* [What you need to do]:
After locating the line that contains "6' (1:0) Насти" in the data below, set down exactly that line and each one after it through the line that contains "- Чрезвычайная безопасность", and nothing more.

___ Given information ___

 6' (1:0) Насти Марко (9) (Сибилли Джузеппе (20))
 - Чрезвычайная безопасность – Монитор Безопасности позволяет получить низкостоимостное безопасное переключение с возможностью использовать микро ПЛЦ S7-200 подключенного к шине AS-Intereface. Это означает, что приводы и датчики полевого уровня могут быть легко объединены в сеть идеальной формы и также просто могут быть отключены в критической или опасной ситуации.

___
___ Given information ___

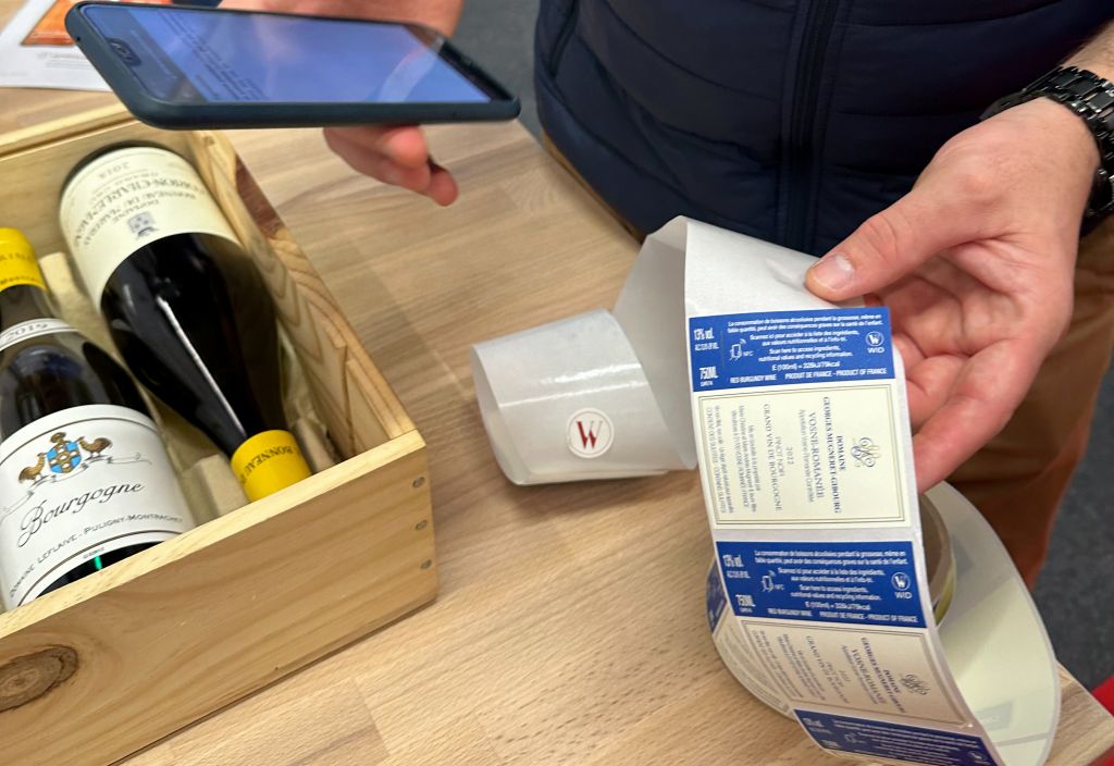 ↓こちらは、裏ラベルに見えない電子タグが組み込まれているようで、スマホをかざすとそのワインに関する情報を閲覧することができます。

___

* [Response area]:
 6' (1:0) Насти Марко (9) (Сибилли Джузеппе (20))
 - Чрезвычайная безопасность – Монитор Безопасности позволяет получить низкостоимостное безопасное переключение с возможностью использовать микро ПЛЦ S7-200 подключенного к шине AS-Intereface. Это означает, что приводы и датчики полевого уровня могут быть легко объединены в сеть идеальной формы и также просто могут быть отключены в критической или опасной ситуации.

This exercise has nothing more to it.